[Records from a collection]
*** Block opens ***

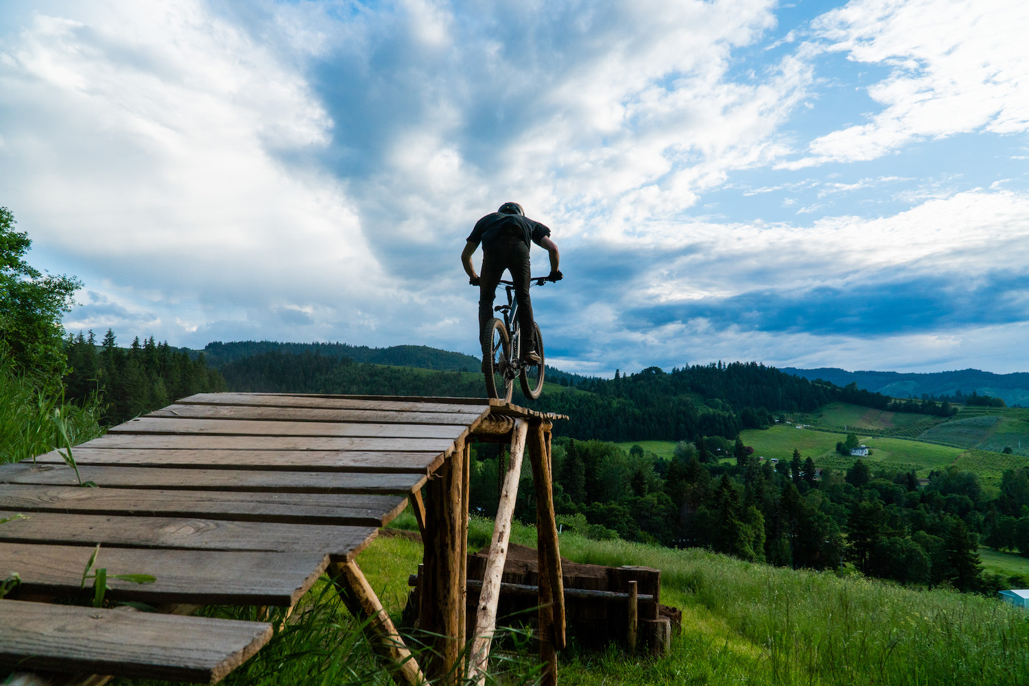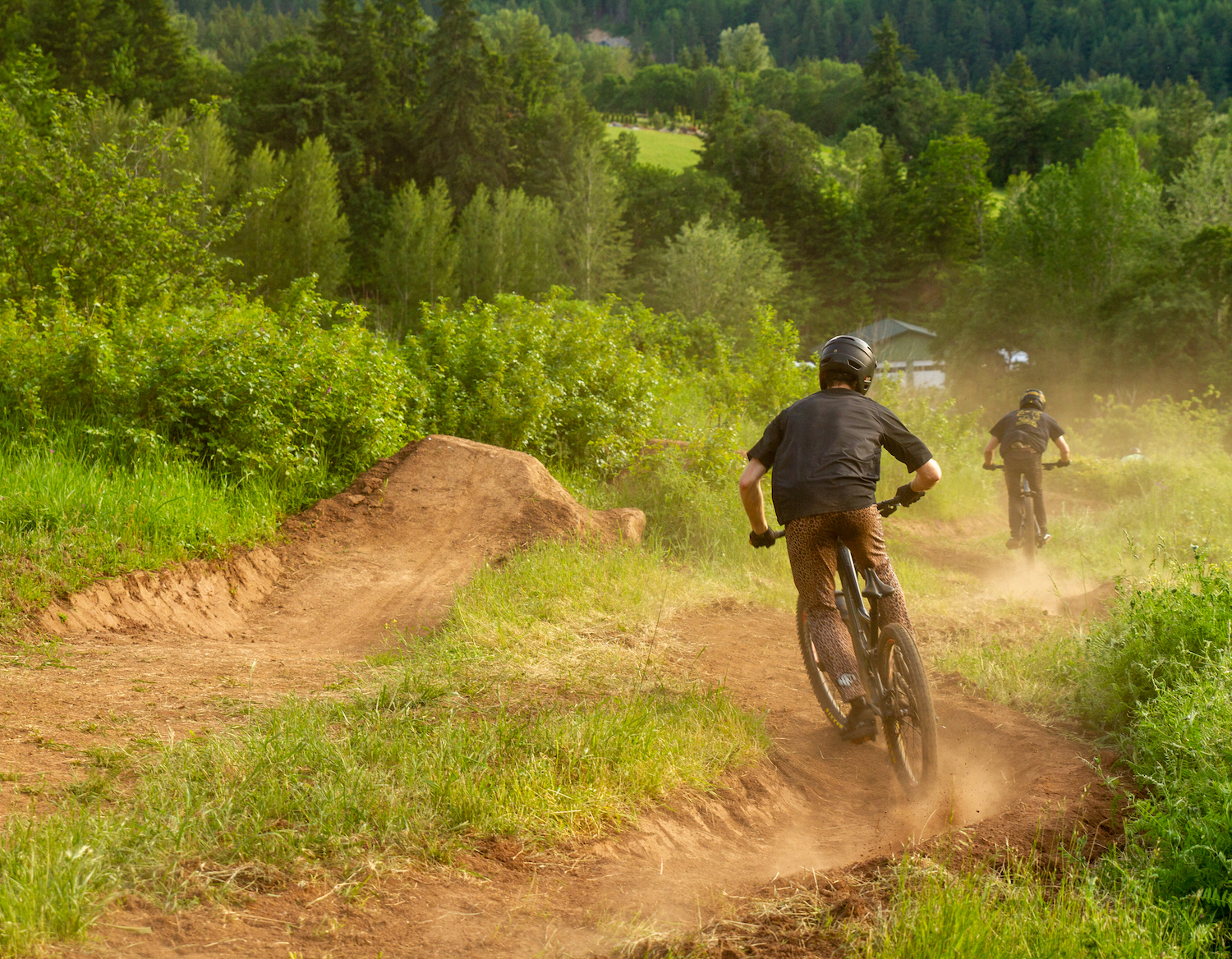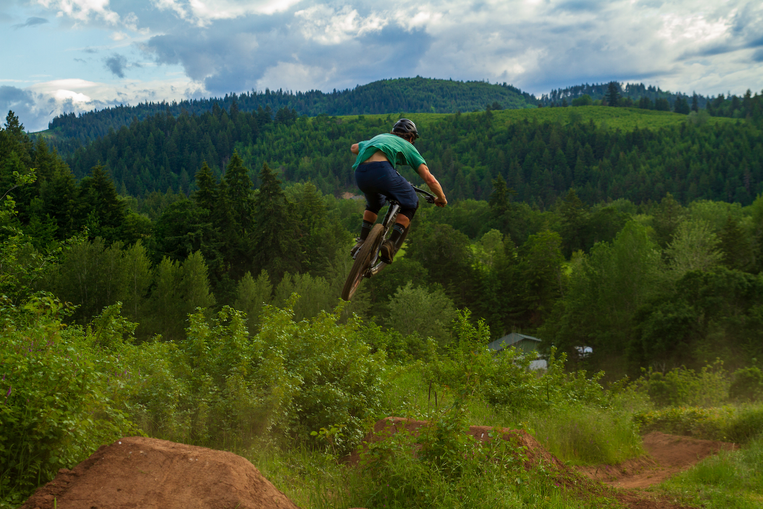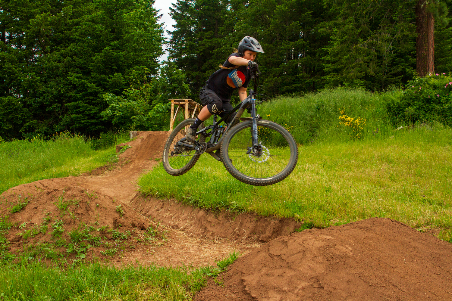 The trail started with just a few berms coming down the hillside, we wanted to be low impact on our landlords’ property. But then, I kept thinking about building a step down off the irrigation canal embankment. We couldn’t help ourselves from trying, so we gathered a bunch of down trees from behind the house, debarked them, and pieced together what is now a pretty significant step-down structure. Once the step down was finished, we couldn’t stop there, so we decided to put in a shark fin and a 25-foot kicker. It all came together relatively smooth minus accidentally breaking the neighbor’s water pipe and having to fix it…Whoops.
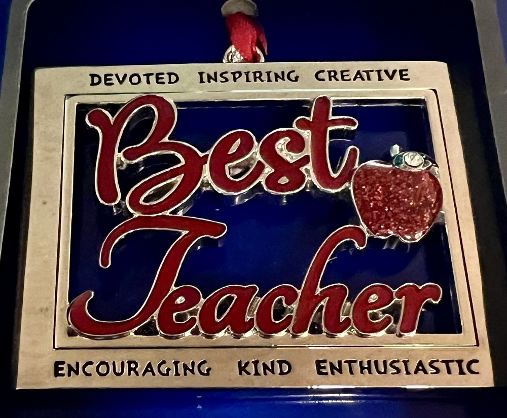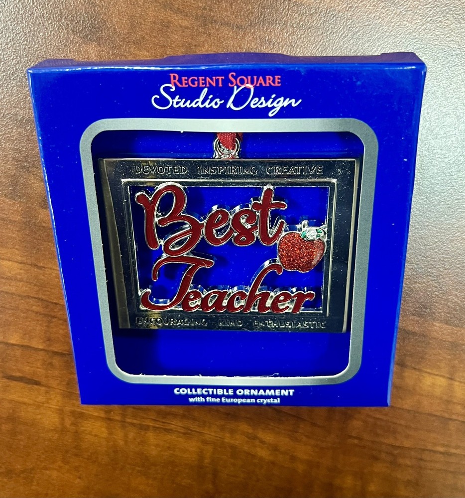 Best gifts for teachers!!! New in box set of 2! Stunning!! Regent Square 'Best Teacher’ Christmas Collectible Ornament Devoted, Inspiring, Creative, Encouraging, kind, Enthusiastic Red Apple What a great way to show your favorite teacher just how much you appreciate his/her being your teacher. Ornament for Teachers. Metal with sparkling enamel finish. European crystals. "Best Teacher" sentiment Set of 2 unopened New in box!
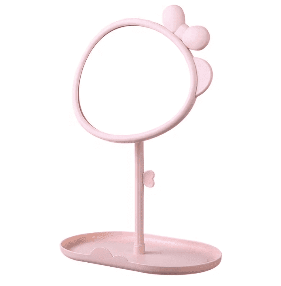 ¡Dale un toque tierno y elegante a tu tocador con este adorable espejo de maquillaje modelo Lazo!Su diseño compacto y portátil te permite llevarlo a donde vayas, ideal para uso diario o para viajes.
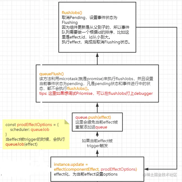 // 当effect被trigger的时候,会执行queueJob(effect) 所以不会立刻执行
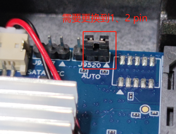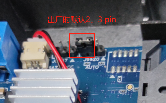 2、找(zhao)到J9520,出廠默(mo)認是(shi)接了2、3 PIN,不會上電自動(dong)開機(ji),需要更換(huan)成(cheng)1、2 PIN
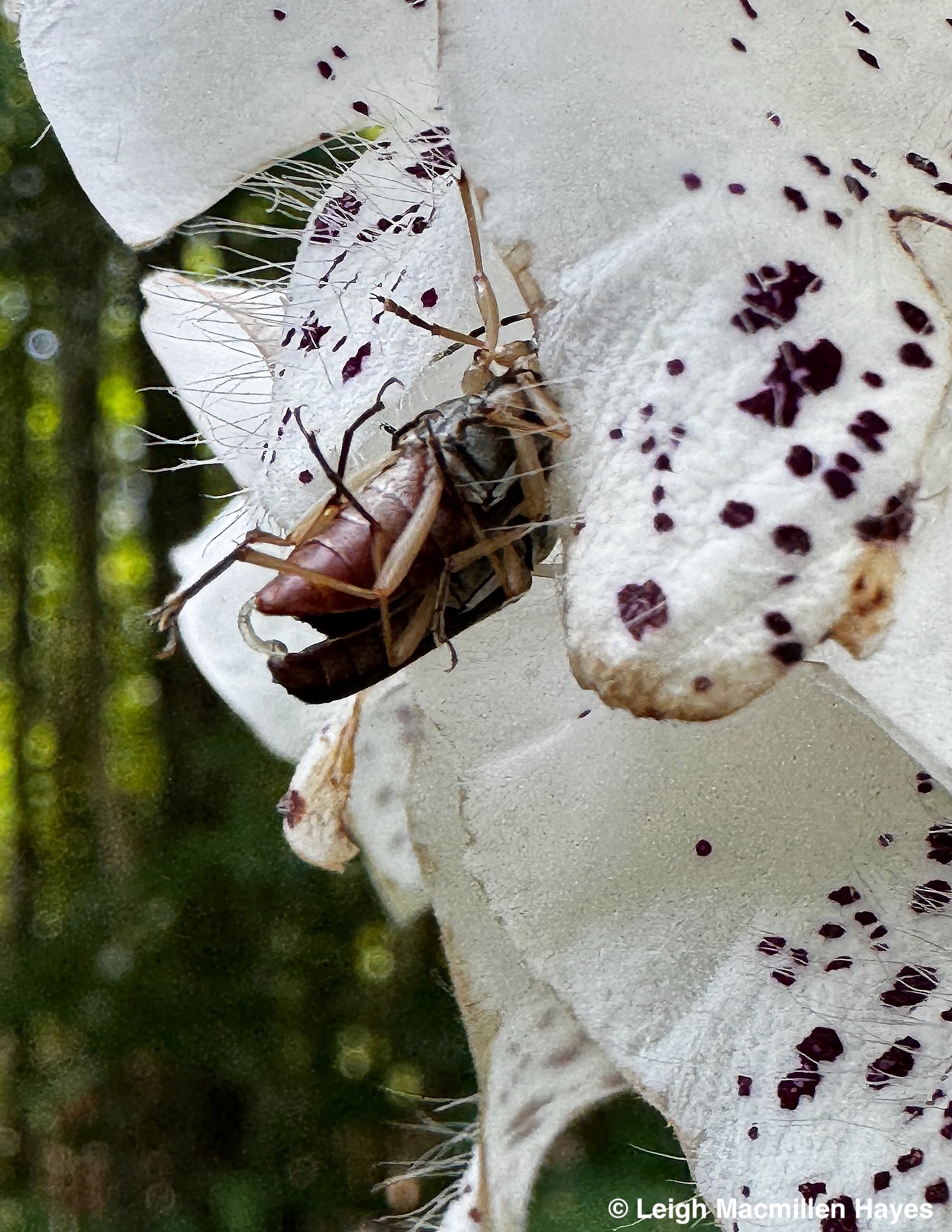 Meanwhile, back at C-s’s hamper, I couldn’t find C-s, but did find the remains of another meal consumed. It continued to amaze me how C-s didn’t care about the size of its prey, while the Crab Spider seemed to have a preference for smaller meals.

*** Block closes ***

:: ABOUT THIS EXERCISE ::
Copy the data exactly. Any picture it contains is to be omitted.

:: YOUR RESPONSE ::
 The trail started with just a few berms coming down the hillside, we wanted to be low impact on our landlords’ property. But then, I kept thinking about building a step down off the irrigation canal embankment. We couldn’t help ourselves from trying, so we gathered a bunch of down trees from behind the house, debarked them, and pieced together what is now a pretty significant step-down structure. Once the step down was finished, we couldn’t stop there, so we decided to put in a shark fin and a 25-foot kicker. It all came together relatively smooth minus accidentally breaking the neighbor’s water pipe and having to fix it…Whoops.
 Best gifts for teachers!!! New in box set of 2! Stunning!! Regent Square 'Best Teacher’ Christmas Collectible Ornament Devoted, Inspiring, Creative, Encouraging, kind, Enthusiastic Red Apple What a great way to show your favorite teacher just how much you appreciate his/her being your teacher. Ornament for Teachers. Metal with sparkling enamel finish. European crystals. "Best Teacher" sentiment Set of 2 unopened New in box!
 ¡Dale un toque tierno y elegante a tu tocador con este adorable espejo de maquillaje modelo Lazo!Su diseño compacto y portátil te permite llevarlo a donde vayas, ideal para uso diario o para viajes.
 // 当effect被trigger的时候,会执行queueJob(effect) 所以不会立刻执行
 2、找(zhao)到J9520,出廠默(mo)認是(shi)接了2、3 PIN,不會上電自動(dong)開機(ji),需要更換(huan)成(cheng)1、2 PIN
 Meanwhile, back at C-s’s hamper, I couldn’t find C-s, but did find the remains of another meal consumed. It continued to amaze me how C-s didn’t care about the size of its prey, while the Crab Spider seemed to have a preference for smaller meals.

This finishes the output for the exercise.